The international law part of this legal analysis falls naturally within the purview of the Department of State’s Office of the Legal Adviser, as the international law authority for the Department. That office should also sponsor a review, working with the Department of Justice and other legal and policy offices concerned, of applicable domestic U.S. law.
III. Actions to Deter or Dissuade GZ Operations
In the GZ context as in others, the ideal U.S. goal is the prevention of conflict by convincing adversaries that it is not in their interest to use whatever tactics are within their command because such use has both high chance of failure and prospect of unacceptable costs/punishment. Moreover, local and regional support, which are normally essential for an effective GZ defense, will only be available – and thereby deter GZ attacks – if the people involved believe the United States (and local allies) can assure their safety and the defeat of the attacks.
Prevention of GZ challenges will be enhanced by:
- Pre-conflict preventative defense – and pre-conflict political action – including clarity about U.S. commitments and demonstrated preparation and capacity to meet them.
- Part of political action may include a measure of willingness to promote a compromise on the issues that give rise to the possible GZ attack.
- Improved ability to anticipate GZ attacks will allow more time for both political/diplomatic action and for preparation for countermeasures.
- Demonstration of U.S. capacity to defeat GZ challenges is a powerful instrument of dissuasion.
- Building allied and local support.
Escalation is always a factor – sometimes a credible threat to increase or shift the scale and instruments the United States uses will increase the probability that the GZ campaign will fail, thereby contributing to dissuading the adversary from trying. However, a major U.S. concern will usually be to prevail without enlarging the conflict.

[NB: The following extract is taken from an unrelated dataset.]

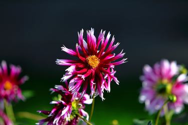 Dahlia ‘Alauna Clair-Obscur’ displays stunning bi-coloured blooms with deep red centers fading to soft pink edges. Upright and robust, it flowers from midsummer to frost, adding dramatic, long-lasting colour to borders, beds, and cut flower arrangements.

In the GZ context, it seems likely that dissuasion by the prospect of lack of success is more relevant to conflict prevention than deterrence by threat of unrelated punishment. The instances in which the United States can credibly or effectively deter GZ attacks by the prospect of in-kind response will be few and far between. U.S. actions are unlikely to deter, unless they also present heightened prospect of defeat, not just punishment. U.S. steps to increase its ability to counter GZ operations are detailed in the body of the report.
Recognizing the Challenge
GZ campaigns are likely to be more common and potentially more dangerous in the future, including through the nexus with terrorism and organized crime, and the United States must improve its capacity to resist them. The U.S. government – and the Department of State[14] as a part of it – should identify GZ operations as one of the high-priority challenges the United States will face in the coming years, and understand better the nature of the challenge and the steps needed to meet it.
Fundamental Policy and Strategy Decisions
Effective defense against Gray Zone (GZ) tactics requires:
- A better organizational and operational structure both for dealing with the general challenge and for handling specific cases as they arise;
- A coherent policy framework and strategy to guide U.S. response – and indeed to determine if and in what way to respond;
- Assembling a comprehensive understanding of the local, regional, and global situation relevant to the case at hand;
- A sober assessment of the plausible political objectives the United States can achieve – recognizing that these sorts of conflicts often end with a compromise political resolution, not absolute victory;
- A candid appraisal of the means and commitment by the United States necessary to be successful; and
- Defining and setting realistic objectives and policy-driven pro-active plans of actions to meet those objectives.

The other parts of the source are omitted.